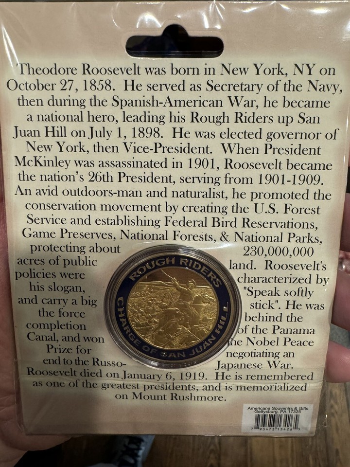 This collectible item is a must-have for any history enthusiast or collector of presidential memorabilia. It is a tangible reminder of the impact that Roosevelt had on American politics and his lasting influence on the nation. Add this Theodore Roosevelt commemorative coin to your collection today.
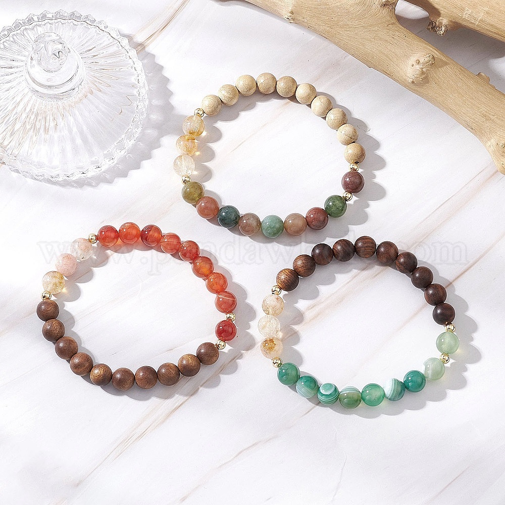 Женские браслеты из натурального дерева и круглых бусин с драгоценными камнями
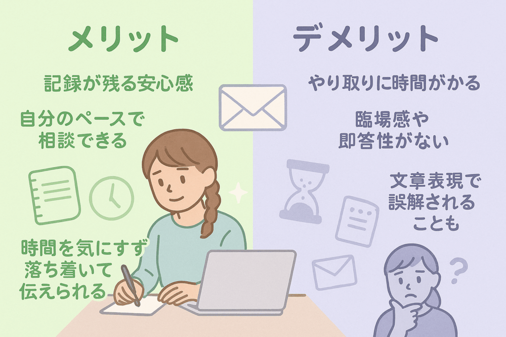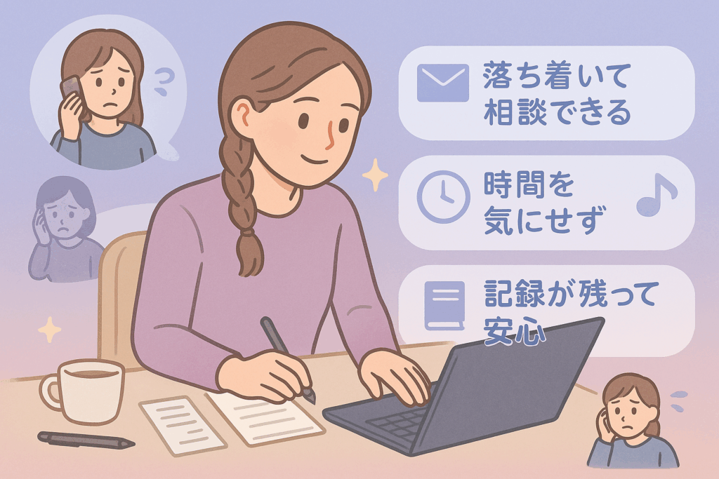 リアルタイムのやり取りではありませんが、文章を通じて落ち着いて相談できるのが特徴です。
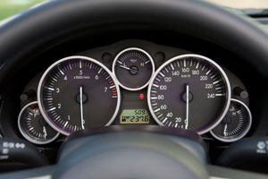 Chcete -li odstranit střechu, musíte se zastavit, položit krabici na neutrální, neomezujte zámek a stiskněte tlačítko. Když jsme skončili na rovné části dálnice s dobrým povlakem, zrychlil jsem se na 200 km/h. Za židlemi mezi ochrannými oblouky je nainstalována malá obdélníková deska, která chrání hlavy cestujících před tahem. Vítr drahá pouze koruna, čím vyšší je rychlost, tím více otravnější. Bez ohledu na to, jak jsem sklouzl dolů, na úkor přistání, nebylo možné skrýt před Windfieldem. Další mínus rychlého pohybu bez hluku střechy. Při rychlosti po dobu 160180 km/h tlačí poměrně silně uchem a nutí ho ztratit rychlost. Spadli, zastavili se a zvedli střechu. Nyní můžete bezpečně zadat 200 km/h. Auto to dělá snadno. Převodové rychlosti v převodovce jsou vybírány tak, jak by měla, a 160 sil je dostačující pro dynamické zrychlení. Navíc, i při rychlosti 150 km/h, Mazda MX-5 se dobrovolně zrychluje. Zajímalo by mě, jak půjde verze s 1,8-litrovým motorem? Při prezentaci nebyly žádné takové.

**Task**:
Write out, exactly, the lines of the material from the very first through the line containing "リアルタイムのやり取りではあ", and leave out every picture.

**Response to this task**:
 This collectible item is a must-have for any history enthusiast or collector of presidential memorabilia. It is a tangible reminder of the impact that Roosevelt had on American politics and his lasting influence on the nation. Add this Theodore Roosevelt commemorative coin to your collection today.
 Женские браслеты из натурального дерева и круглых бусин с драгоценными камнями
 リアルタイムのやり取りではありませんが、文章を通じて落ち着いて相談できるのが特徴です。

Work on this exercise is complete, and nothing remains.